Still, Gilroy admitted that its much publicized effort to expand its direct- sales reach has caused some confusion and consternation among dealers.
Although HP had been developing its direct-sales network for years, the biggest changes occurred after HP's merger with Compaq.
During the past eight months, HP, through its direct-sales staff, has revamped its Web site and catalogs to go after more corporate customers directly. The direct-sales push is focused mainly on specific markets, especially PCs and low-end servers.
HP plans to sell other products, such as printers, through its existing network of partners, which work hand in glove with a separate HP staff for resellers.
This is a bone of contention for some of HP's partners. They claim that HP's reseller staff has been leaking proprietary information to the company's direct-sales staff in their bid to win corporate customers.
Through the years, the partners routinely have turned over customer information to HP staff as part of the company's programs for rebates and other incentives.

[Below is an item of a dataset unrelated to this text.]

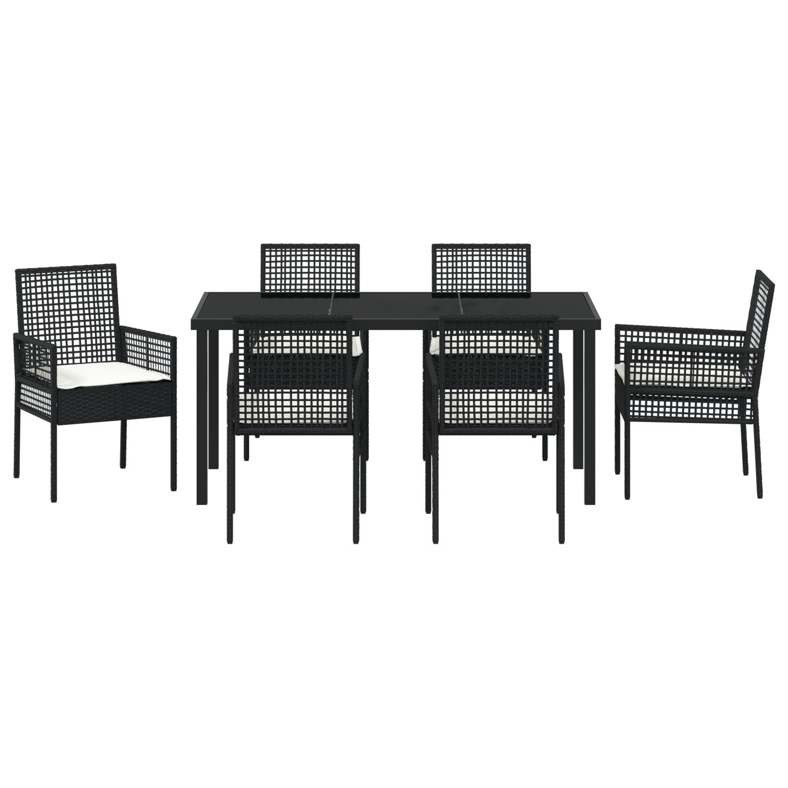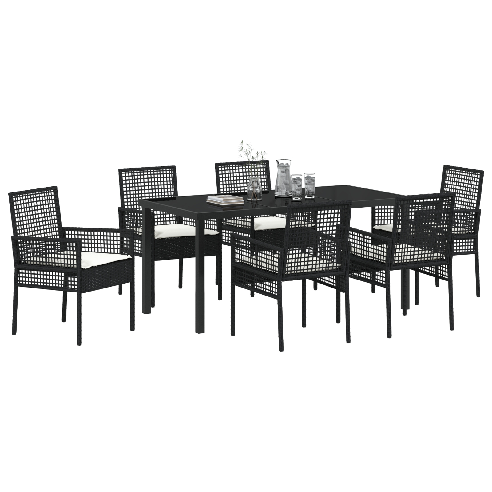 - 6 x scaune de grădină, 1 x masă de grădină, 6 x perne pentru șezut

The partners say that there was an understanding in the arrangement that HP would not share the data with its direct-sales force.
Lloyd Chapman, president and founder of the Microcomputer Industry Supplier Association in Novato, is concerned about the handling of customer information.
He believes that "customers' names, addresses, phone numbers, specific contact information, what they buy, when they buy it and what they pay for it would clearly be considered trade secret and proprietary information."
HP denies any wrongdoing.
Gilroy, the HP vice president, stressed that a fire wall exists between the reseller and direct-sales units. "The data that is reported by our partners is not shared with our direct organizations."
He also said that HP's direct-marketing teams buy customer data in the open market, noting there are other ways for the company to get the same data that its partners consider proprietary.
Gilroy said the tech giant also has a program for partners in which HP identifies customers in specific markets that it hopes will buy directly from HP. That way, HP's partners will have a clear idea of where they and HP may be competing for the same customers.
Gilroy said most of HP's partners are satisfied with the program. "The feedback has been just fantastic," he said.
Geoffrey Lilien, president of Lilien Systems, an HP dealer in Mill Valley, said he is content with the direction of HP's sales programs for its partners. The merger helped expand the line of HP products, including new data storage systems and servers dealers could offer to customers, "which strengthens our position and strengthens HP's position," he said.
"I have generally been pretty happy with what's going on," said Lilien, who has been selling HP products for 12 years. "I have a lot of faith in that company. They really are a good partner."
Steve Wangard, president of Vanguard Computers in Wisconsin, also praised HP, saying it helps promote his firm to customers.
"They've been very progressive in their interaction with me," said Wangard, whose company has been an HP dealer for more than 15 years.
Other resellers feel differently.
Cammy Ticknor, owner of Computer Cite, an HP partner in Vacaville, said business has gone down ever since HP began its big push in direct sales.
"Customers say, 'I can get this direct from HP cheaper,' " said Ticknor, whose company has four employees. "So I have to negotiate, and sometimes I don't make money."
Chapman's association, which has about 1,000 members, filed a complaint with the FTC late last year. Chapman said he wants the federal agency to make HP stop using members' proprietary information.
An FTC spokesman said the agency does not comment on pending complaints.
Asked if his group plans to file a lawsuit, Chapman would only say it is "exploring what legal remedies would be available to us to protect our trade- secret and proprietary information."
Gilroy stressed that HP's goal is to have a blended model that includes both direct sales and partners.
Crawford del Prete, an analyst with International Data Corp., said that strategy makes sense, but it won't be easy to implement.
"Not everyone can be happy in this situation," said Del Prete, who does not own HP stock. "At the end of the day, this is absolutely a balancing act."